Saudi
Aramco and HPCL to make cross investments in refineries
New Delhi: The Saudi Arabian oil company, Saudi Aramco,
is likely to pick up a stake in Hindustan Petroleum Corporation
Ltd's (HPCL) Visakhapatanam refinery as part of a cross
investment plan where HPCL will get equity in Aramco's
upcoming refinery at Yanbu, on the Red Sea coast.
In a teleconference from Dammam in Saudi Arabia, the Petroleum
Minister, Mani Shankar Aiyar, told presspersons here that
India has offered stakes in HPCL's refinery in Visakhapatnam,
and the proposed Paradip refinery of Indian Oil Corporation.
Aiyar also said that HPCL has been offered a stake in
Saudi Aramco's proposed 20 million tonne a year project
at Yanbu.
"We have reached an in-principle agreement for HPCL
taking stake in the (20 million tonnes) Yanbu refinery
that is planned for export of petroleum products to the
West and Saudi Arabia's investment in Vishakapatnam refinery
that will be oriented for export to the East," the
Minister stated.
When asked about the extent of equity stake to be offered
to Saudi Aramco, the Minister said that it would be decided
by the respective companies. The Minister also said that
Indian officials would stay behind to negotiate the deal.
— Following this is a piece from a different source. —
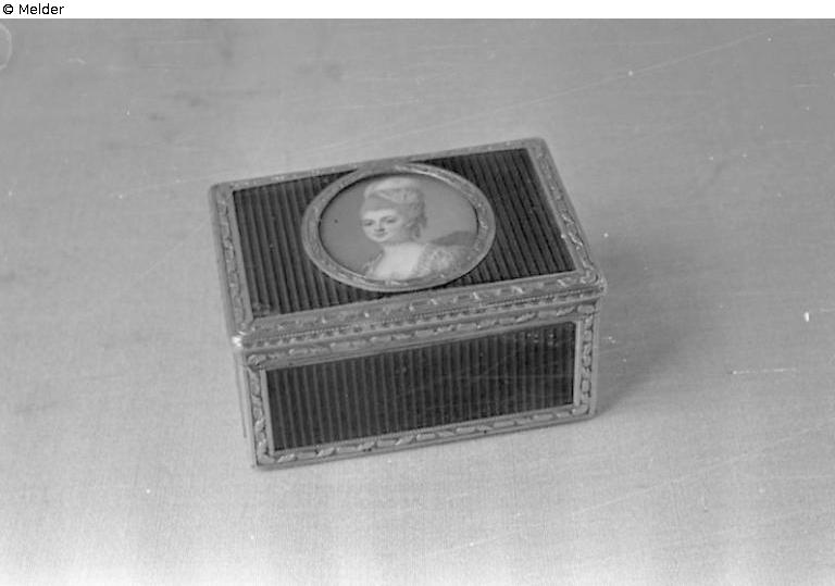 Rechteckig, Klappdeckel. Gold, an den Kanten profilierte und ornamentierte Leisten aus zweifarbigem Gold. Flächen durchsichtig grünes Email über guillochiertem Grund. Auf Deckel in ovalem Goldrähmchen Bildnisminiatur einer jungen Dame im rosa Kleid, Straußenfeder und rosa Schal im Haar. Auf Elfenbein unter Glas, nicht signiert. Innen glatt Gold. Marke: Auf Boden, Deckel Stulp Jb. E (gekrönt) Paris, 1768 - 1769, R.6426, Pächterz. R.6524, Julien Alaterre, 1768 - 1774, Mrz. LR. R.6714, Louis Roucel, Mr. 1763 - 1779, auf Stulp graviert: Roucel Orf'e du Roi A Paris

The Minister also said that Saudi Arabia had given assurances
that there would be no changes to India's long-term agreements
on Saudi supplies.
He added that India expects its crude purchases from Saudi
Arabia to double to 50 m.t. a year in twenty years. The
Minister also said that Saudi Arabia has invited OVL and
GAIL to bid for gas blocks that they are putting on offer
by year-end.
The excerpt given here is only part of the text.